Defense and timely scoring. It’s a trend that sounds more appropriate on the baseball diamond, but it has Cal Poly 4-0 to start the season for the first time since 2004 and 2-0 in its first season in the Big Sky Conference.
After North Dakota (3-2, 1-1 Big Sky) took a 17-14 lead early in the fourth quarter, Cal Poly running back Cole Stanford had a career-long 65-yard run to set up the go-ahead 3-yard touchdown plunge by quarterback Andre Broadous, the start of 21 unanswered fourth-quarter points for the Mustangs. Stanford’s run came after five fruitless Mustangs possessions. Cal Poly got its lead with back-to-back touchdowns in the first quarter, the first on a 20-yard touchdown pass from Andre Broadous to Stanford, but after Deonte Williams’ 3-yard scoring run on the next drive, the Mustangs punted three times and missed a 39-yard field goal.
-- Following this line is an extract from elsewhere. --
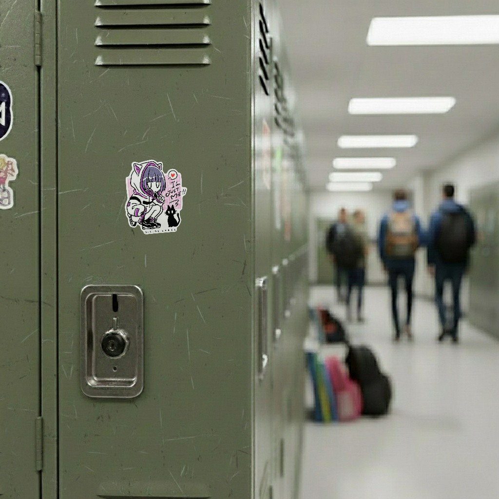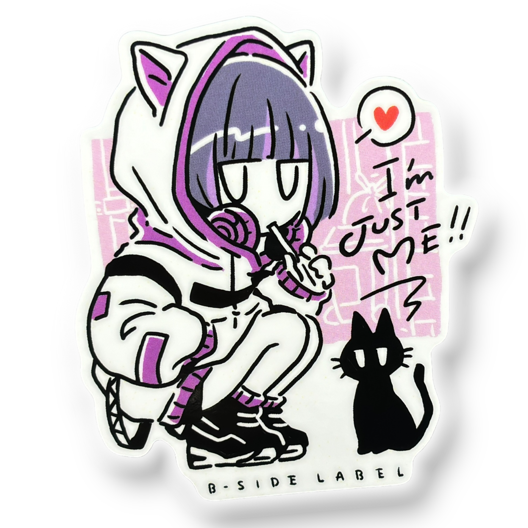 Show off your unapologetic style with this “I’m Just Me” sticker from B-Side Label. Featuring a mysterious streetwear girl in a cat-eared hoodie and her equally cool black cat companion, this design captures individuality, quiet rebellion, and total self-confidence — in signature B-Side fashion.
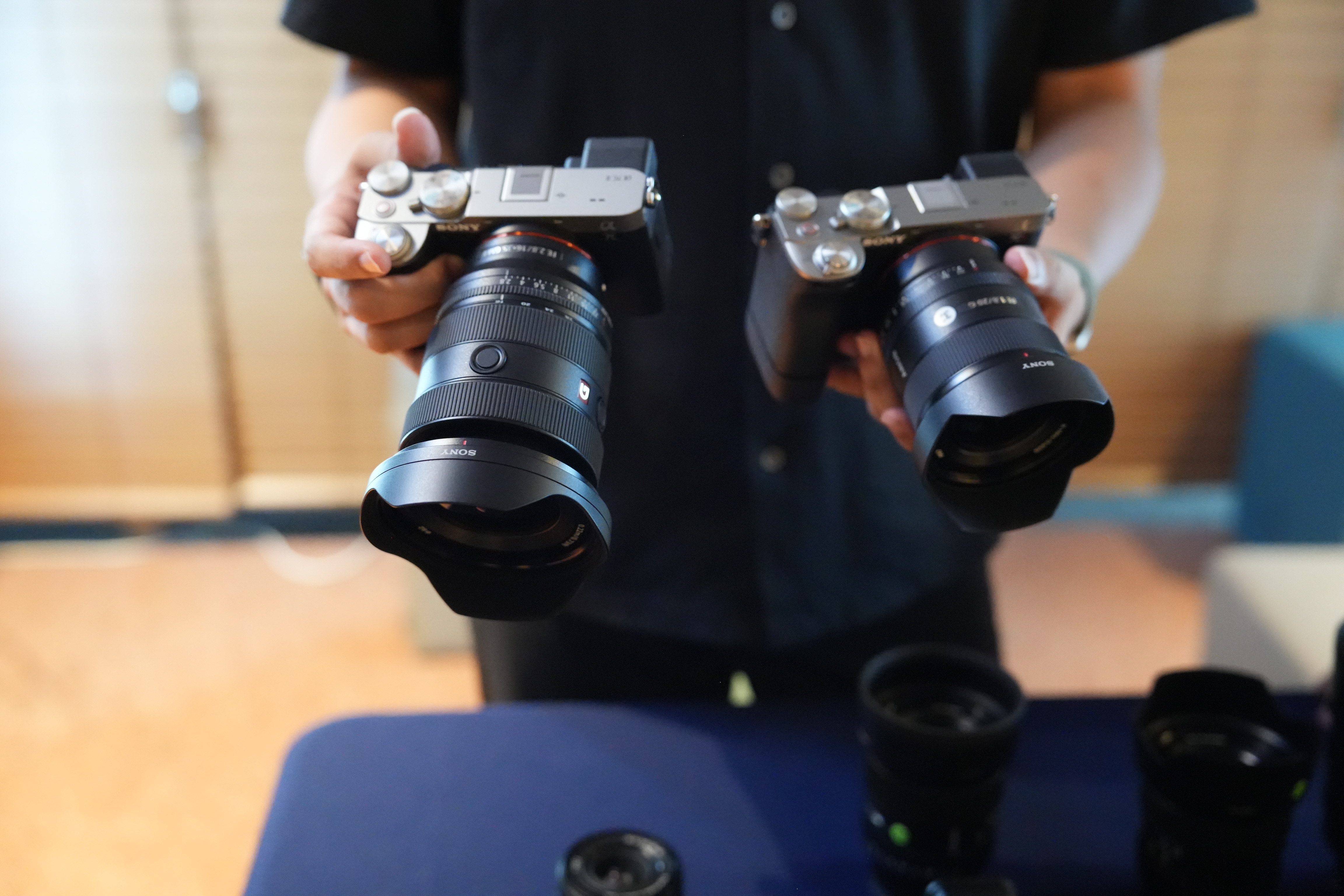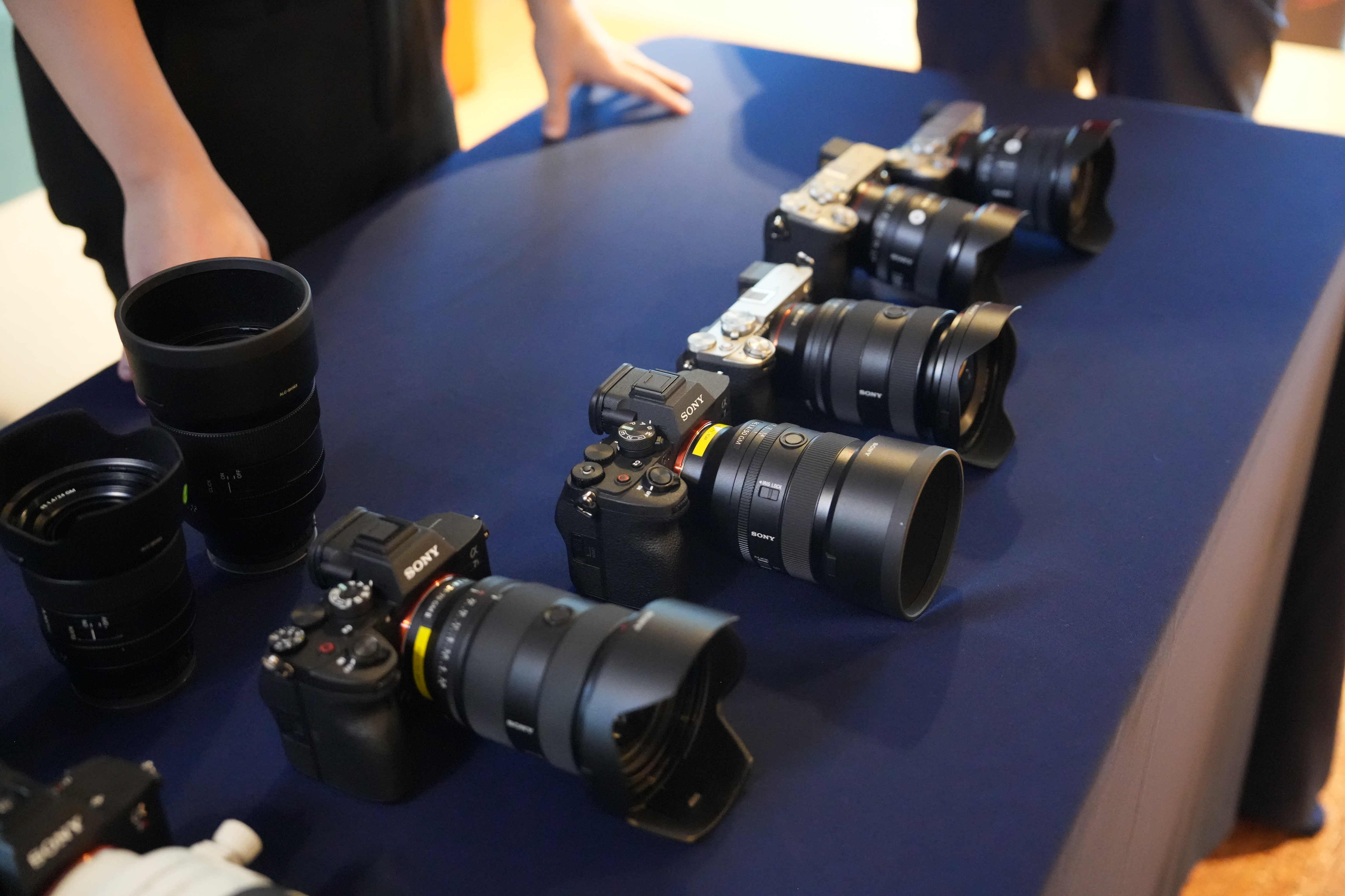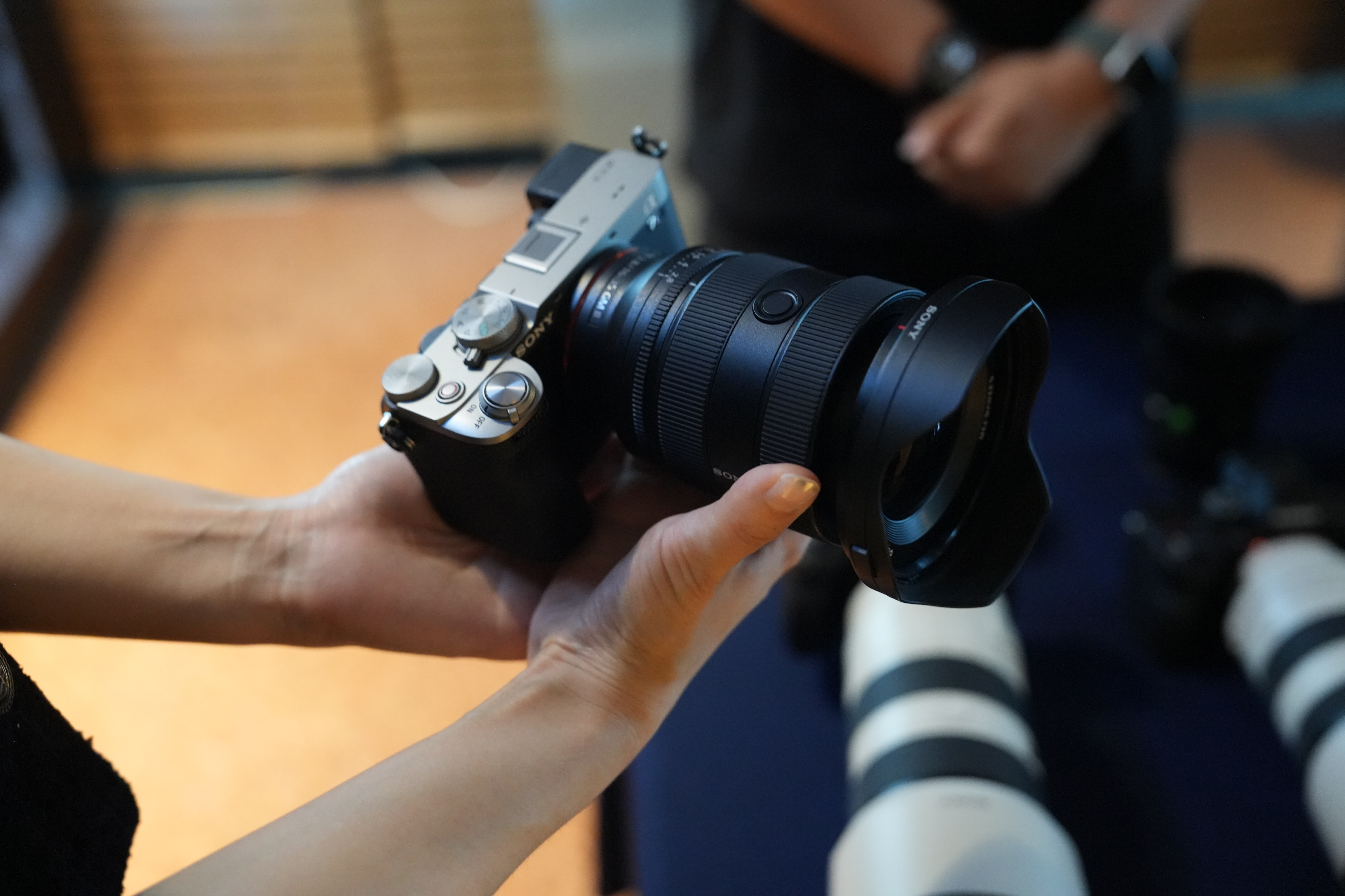 행사가 진행되는 홀 입구에는 소니의 A7C2, A7CR과 SEL1635GM2를 체험하고 설명을 들을 수 있는 공간이 마련되었는데요. 제품 담당자의 상세한 설명과 함께 여러 라인업을 직접 만져보고 눈으로 비교해 볼 수 있는 시간을 제공했답니다.

The similarities to the victory over the Cowboys were almost eerie.
In that game, Cal Poly had six scoreless possessions after taking a 14-0 lead after the first two possessions while Wyoming came back to take a one-point lead.
Both times, the Mustangs got the winning score in the fourth quarter. Only now, it might be time to start crediting the defense more than anything.
North Dakota came into the game averaging 46.8 points per game, tops in the Big Sky and third in the FCS. The fewest points North Dakota had scored was 35 in a dominant victory over Sacramento State last week. North Dakota also scored 41 points in a narrow loss at San Diego State.
But Cal Poly, with a defense coming off a season in which it gave up passing yards at an embarrassing rate, has not only looked much improved. The Mustangs are becoming a well-rounded standout defense at the FCS level.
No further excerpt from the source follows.